Work instructions »
What you give back from the listing below should be an exact copy of the lines from the one with "2017年9月20日下午3:00,浙江省" down to the one with "During the measurements, a", and it should contain no pictures.

*** Input Section Begins ***

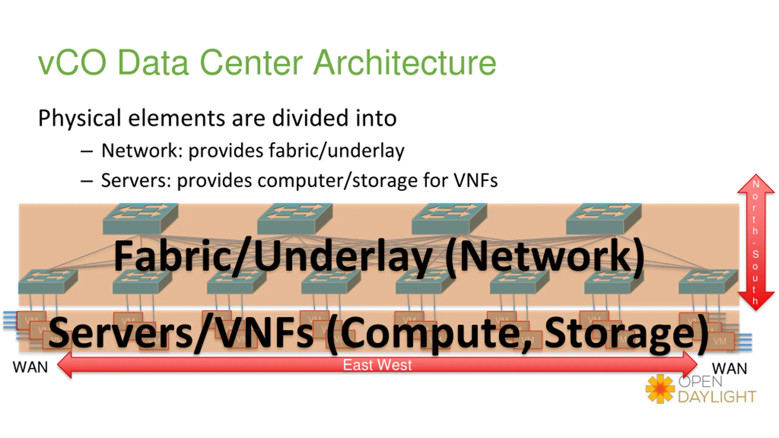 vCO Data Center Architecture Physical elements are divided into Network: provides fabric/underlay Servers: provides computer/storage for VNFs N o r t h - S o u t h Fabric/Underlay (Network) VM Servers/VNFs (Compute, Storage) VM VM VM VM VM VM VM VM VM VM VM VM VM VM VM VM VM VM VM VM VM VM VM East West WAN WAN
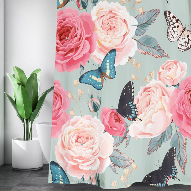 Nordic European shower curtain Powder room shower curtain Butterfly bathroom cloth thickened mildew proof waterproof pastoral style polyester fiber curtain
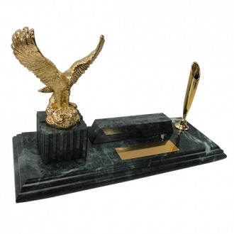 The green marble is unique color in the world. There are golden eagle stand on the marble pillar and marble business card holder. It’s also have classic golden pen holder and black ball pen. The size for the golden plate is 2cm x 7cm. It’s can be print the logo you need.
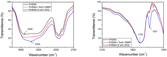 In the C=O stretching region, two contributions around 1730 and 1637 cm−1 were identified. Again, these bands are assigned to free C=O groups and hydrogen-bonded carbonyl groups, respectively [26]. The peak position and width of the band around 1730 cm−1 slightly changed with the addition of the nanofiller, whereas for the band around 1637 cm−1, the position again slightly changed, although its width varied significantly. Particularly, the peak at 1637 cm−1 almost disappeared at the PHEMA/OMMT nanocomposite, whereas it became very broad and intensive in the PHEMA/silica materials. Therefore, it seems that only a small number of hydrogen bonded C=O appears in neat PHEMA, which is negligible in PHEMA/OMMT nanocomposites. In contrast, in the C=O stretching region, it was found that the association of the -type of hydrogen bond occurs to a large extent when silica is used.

*** Input Section Ends ***
*** Input Section Begins ***

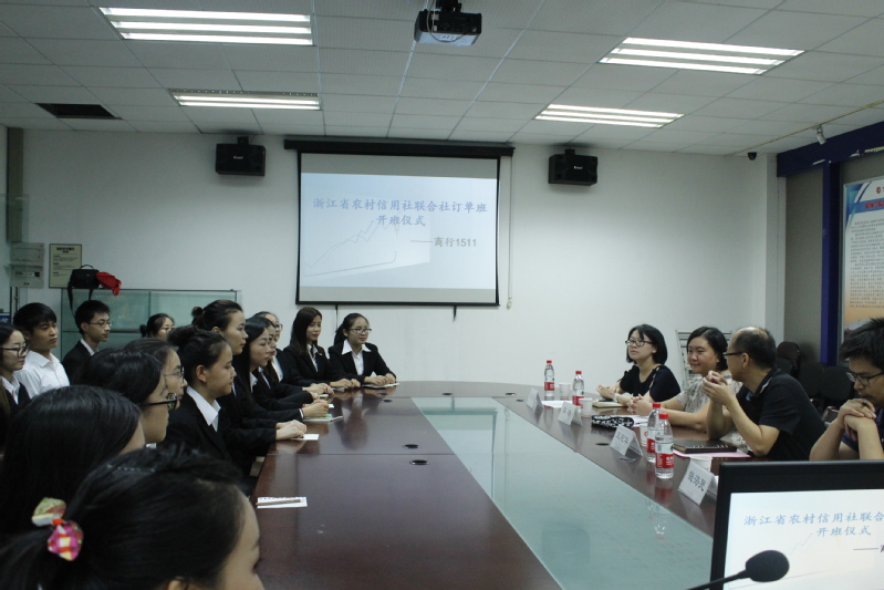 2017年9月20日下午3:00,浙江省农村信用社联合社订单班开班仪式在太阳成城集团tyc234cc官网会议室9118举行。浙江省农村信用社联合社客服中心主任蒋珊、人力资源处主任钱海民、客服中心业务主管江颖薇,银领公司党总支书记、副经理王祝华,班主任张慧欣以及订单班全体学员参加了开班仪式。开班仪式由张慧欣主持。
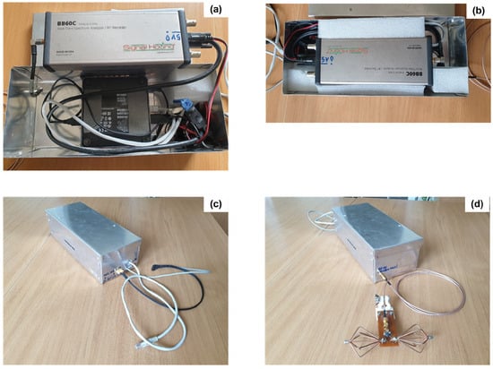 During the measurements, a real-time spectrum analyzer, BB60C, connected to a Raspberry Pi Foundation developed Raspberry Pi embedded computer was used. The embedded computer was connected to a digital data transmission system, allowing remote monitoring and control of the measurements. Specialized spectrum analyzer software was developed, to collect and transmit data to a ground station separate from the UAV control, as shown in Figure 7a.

*** Input Section Ends ***

Result »
 2017年9月20日下午3:00,浙江省农村信用社联合社订单班开班仪式在太阳成城集团tyc234cc官网会议室9118举行。浙江省农村信用社联合社客服中心主任蒋珊、人力资源处主任钱海民、客服中心业务主管江颖薇,银领公司党总支书记、副经理王祝华,班主任张慧欣以及订单班全体学员参加了开班仪式。开班仪式由张慧欣主持。
 During the measurements, a real-time spectrum analyzer, BB60C, connected to a Raspberry Pi Foundation developed Raspberry Pi embedded computer was used. The embedded computer was connected to a digital data transmission system, allowing remote monitoring and control of the measurements. Specialized spectrum analyzer software was developed, to collect and transmit data to a ground station separate from the UAV control, as shown in Figure 7a.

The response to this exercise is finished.